Before Clark could react, Lex unexpectedly stepped in, his voice cold. "Considering whose human genes you have, that's a stupid statement. You won't find anybody more human than Clark, whether they're earthling or alien." Lex walked around so he could look at Conner. "And as for 'getting' the dilemma that every human-service provider has, walk in their shoes first. Nurse, social worker, fireman, policeman, EMT, or superhero."

Conner didn't back down. "I **am** a superhero!"

Lex tilted his head to one side. "Really. Then you've done what Superman did at the start of his career? You've spent forty-eight hours responding to each and every thing you can see? Flying from one emergency to the next? Going from the assault to the fire to the rape to the car crash? So fast that all that can be seen is a blur from scene to scene. Not stopping for anything that wasn't an emergency. Ignoring all calls from family and friends and heading only to the next victim. Preventing everything that could possibly be prevented in one large city. Dumping so many victims of crimes not prevented in time into hospitals that emergency rooms had to call in extra staff. Crying at bodies and moving on. Not stopping to accept any thanks from those saved or the emergency personnel assisting.

"And when those forty-eight hours were up and the signal pierces through your bones to tell you those hours were done, did you go on despite it? So focused on rescuing that nothing else mattered at all. Rest, sleep, cleanliness, anything… And when your body, as alien and super as it is, when your body couldn't hold up anymore, did you stop in a hospital and watch as those you tried to save died anyhow? Turning away from those who thanked you for trying?

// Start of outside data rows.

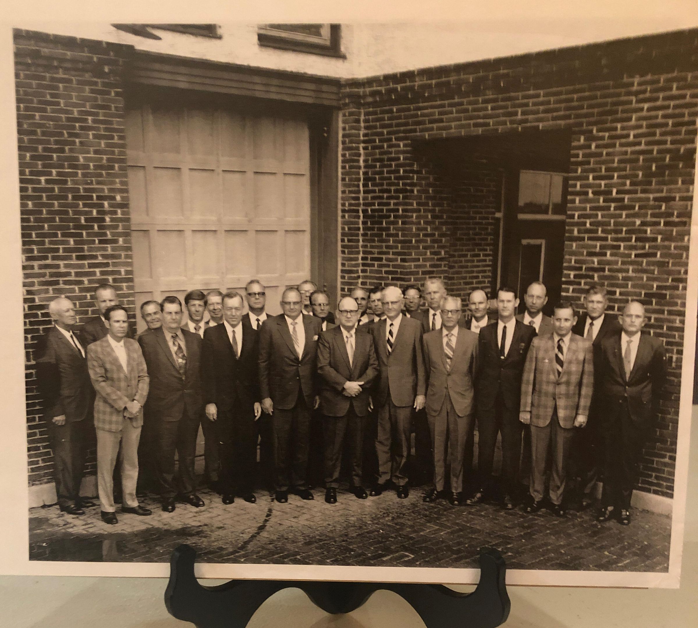 A black and white photo of 25 Railroad staff members.Photograph Details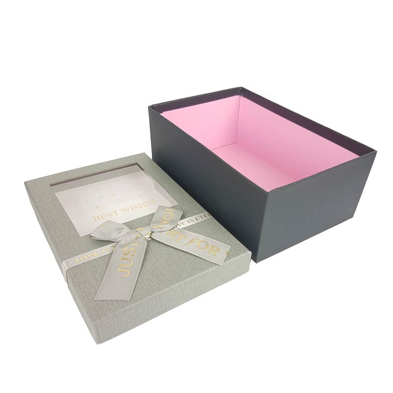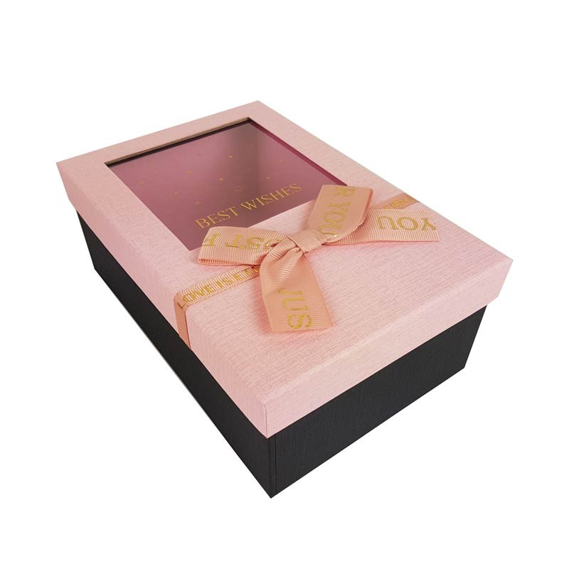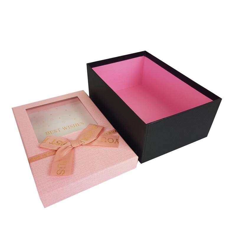 Black window gift box with a pink lid adorned with a pink satin ribbon gift bow. Very thick quality cardboard gift box with pink interior. Gift box for beauty products.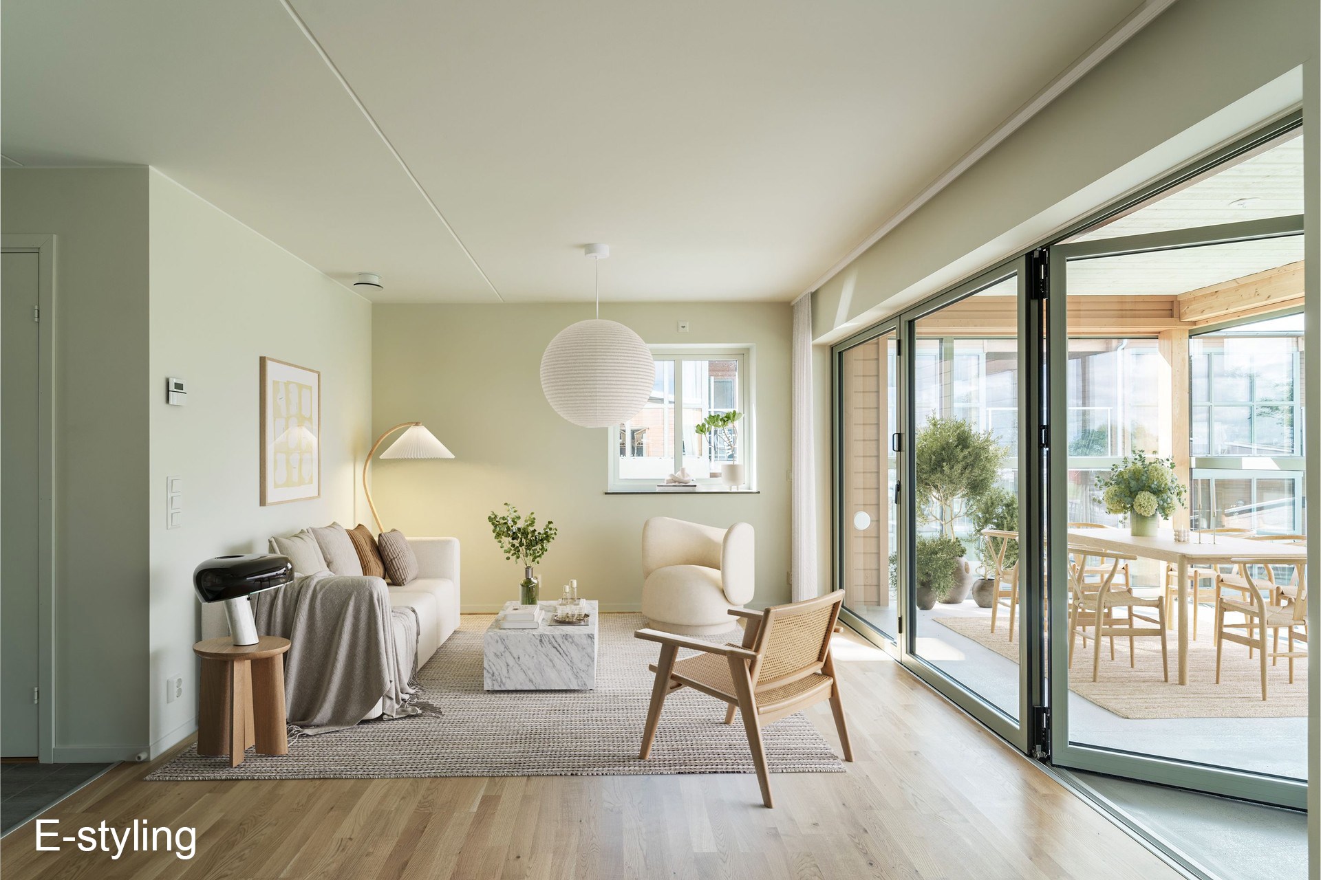 Stort och rymligt vardagsrum med öppna sällskapsytor. Här kan du möblera med stor soffa samt matbord. Du har skjutdörrar ut till ditt egna vinterbonade orangeri, vilket kopplar ihop en känsla mellan inne och ute, och med fördel att kunna göra ditt vardagsrum större. Härligt ljust och med ett bra ljusflöde genom rummet med utgång till altan/balkong.

"Have you spent a day doing nothing but crying in your mother… your parent's arms for all that you could not do?" Lex shook his head. "Until you have done that, I don't think you can say you know all there is to superheroing."

Conner closed his open mouth, swallowing loudly. He hesitantly turned from Lex to Clark again. "Dad?"

Clark couldn't meet Conner's eyes. It was too painful. He walked from the dining room out to the living room and rested his head against the glass window. There were days when he still wanted to do that. To just go out and rescue. There were so many people who needed him, who called out to him. Metropolis was one city full of need, and beyond Metropolis, there was a state, and a country, and a world. There were so many people out there that could be saved.

"Dad, I'm sorry." Conner's hand touched Clark's arm hesitantly. "I shouldn't have said that. I didn't… I was angry, I didn't think."

"It's alright," Clark whispered. "I want to save them, too." He turned to Conner and gathered his son into his arms, seeking comfort and trying to give it.

They held each other for a moment, but Conner broke off the embrace before Clark was ready to let go.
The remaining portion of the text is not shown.